And then, on the issue of a mind that is beyond material, I remain agnostic. I allow it as possible, I even use it in myth (i.e., in creating inspiring interpretations), but I have no experience that is definitive in distinguishing the my brain and senses from some non-physical mind. The physical mind is an absolute miracle, and can do things that are commonly unexpected.

Also agreed. I feel my self as a distinct item separate from my body, but there is no acceptable proof of such a non-material entity that is separate from the material body, so until such proof turns up I’m leaving that as unknown too. The brain forms an analogue of the reality around us and fills in bits it hasn’t (or can’t have) perceived, and gives us the illusion of a continuous reality. Stage magicians exploit the gaps in perception to make it appear that things happen that we “know” are impossible. Part of learning science is learning how our senses fail in specific situations, and also knowing the limitations of our methods of measurement. There are way more ways to be wrong that to be right.

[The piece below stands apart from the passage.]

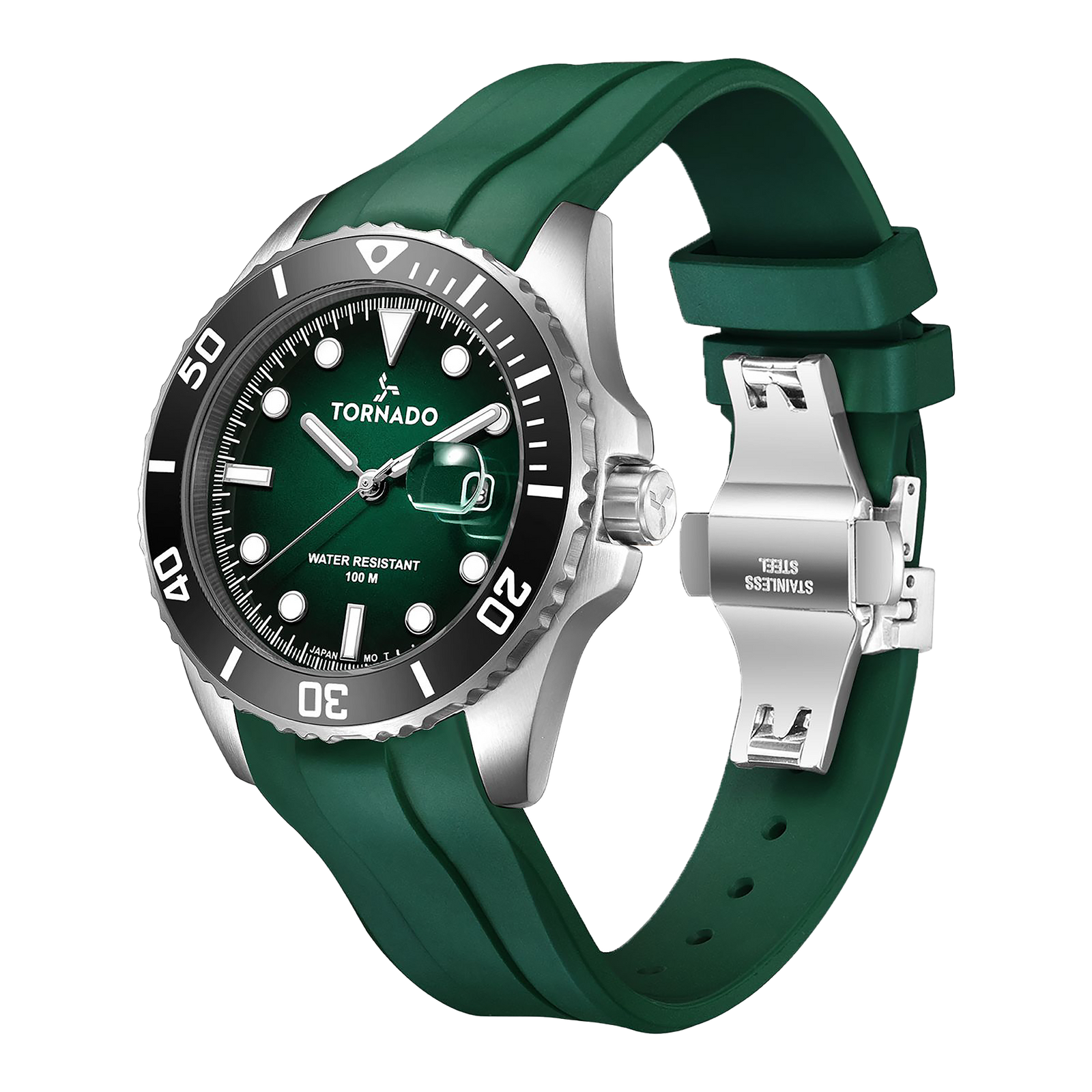 Sport-forward comfort with classic dive cues. The green dial and rotating ceramic bezel sit under a sapphire-coated crystal with a magnified date; luminous markers stay readable in low light. A sweat-friendly smooth silicone strap keeps it light for running, gym and weekends.Built for active days and city nights, this 10 ATM water resistant men?s watch is accurate, durable and easy to wear. Backed by a 3-year warranty.

Well, my training suggests dumping “right” and “wrong,” at least as anything more than shorthand. It is generally more powerful to declare that “it’s all good,” as long as we don’t fall into believing that “good” is something specific. In science, I suggest reporting data and being very careful to distinguish interpretation of data. When I see a paper that begins with “We set out to prove . . .” — and what they say is what they believe, I wince. Something got wired exactly backwards. I am much more interested in papers that are more like “We set out to measure what happens if . . .” or, at a more advanced stage in research, “We set out to show that the predictions of the theory fail, to measure the deviation between predictions and actual results.”

And they they can say, “This is what we found,” or even, sometimes, “We found the theory accurate within experimental error.”

Another way of thinking of mind is as pattern. Is the smile of the Mona Lisa real? Indeed, everything we experience is neurons firing, and patterns of neutrons firing, and patterns of patterns. Or is it? To answer the last question, I would need a means of distinguishing some exception from “just another pattern,” and I have no idea how that could happen, but it could arise that I believe it happened. This pile of meat would not actually know. But certainty can arise without proof, if we take a functional view of certainty, and allow it to be relative rather than absolute.

If we ignore that effect of the mind as being “unscientific” then we’re most likely missing something.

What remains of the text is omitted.